Quality hierarchy: Level one — the mash is smooth, well-seasoned, and pleasantly buttery. Level two — the purée is uniformly silky with no lumps, the butter is fully emulsified, the flavour is rich and clean, and the texture coats the palate with warmth. Level three — transcendent: the purée is so smooth it could pass through a fine-mesh sieve without resistance, it gleams under light, each spoonful melts on the tongue into pure potato-butter richness, there is no graininess, no gumminess, no heaviness despite the extraordinary butter content, and the finish is clean, leaving you wanting more rather than feeling burdened.
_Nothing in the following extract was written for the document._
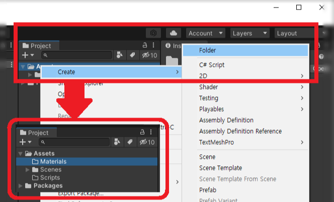 Project의 Assets폴더 하위로 Create → Folder을 클릭해 'Materials' 폴더와 'Scripts' 폴더를 생성한다.
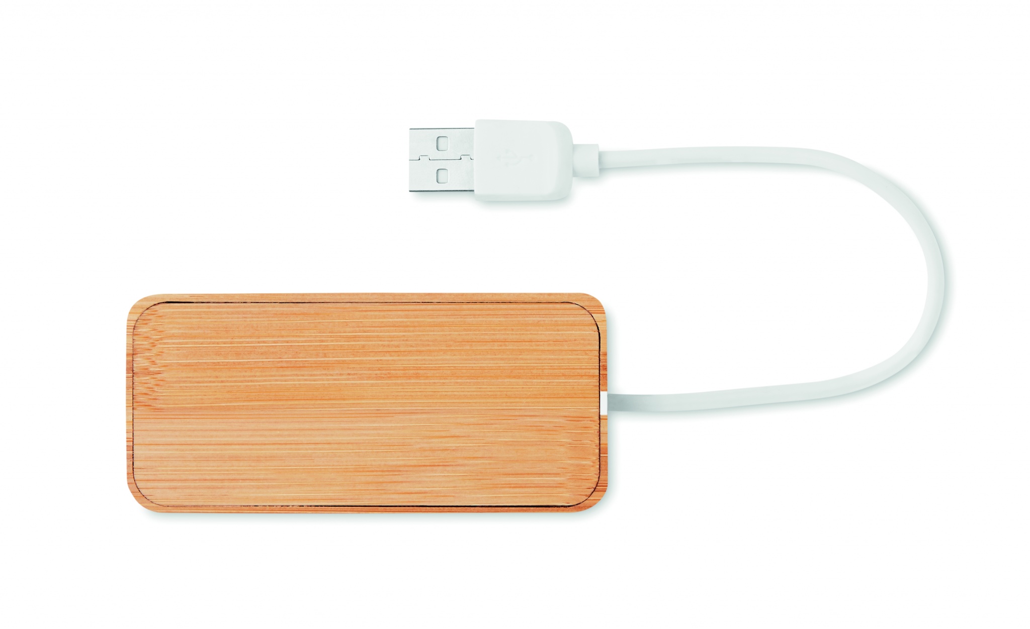 3-porttinen 2.0 USB- keskitin bambukotelossa, kaapelin pituus 18,5 cm. Luonnollisen materiaalin (bambu) vuoksi, tuotteiden värissä/ koossa saattaa olla erinäisyyksiä ja tämä voi vaikuttaa painatuksen lopputulokseen.

The method: start potatoes in cold, heavily salted water (10g salt per litre), bring to a gentle boil, and cook until a knife slides through with zero resistance — typically twenty to twenty-five minutes for 4cm chunks. Drain thoroughly and let them steam dry in the pot over residual heat for two to three minutes. Pass immediately through a ricer into a clean, warm pot. Over low heat, begin adding cold butter — cold, not softened — one cube at a time, working it in vigorously with a wooden spoon or spatula. The cold butter emulsifies into the hot potato more smoothly than soft butter, which can separate. Once all butter is incorporated, add warm milk in a stream, stirring constantly. Season with fine white salt and white pepper. Pass through a fine-mesh sieve for absolute smoothness.
Sensory tests: drag a spoon through the purée — it should flow back together slowly, leaving no trace of the spoon's path. The colour should be pale gold from the butter and the potato. The taste should be pure: potato, butter, salt. No garlic, no herbs, no cheese — Robuchon was adamant that the purée itself is the statement.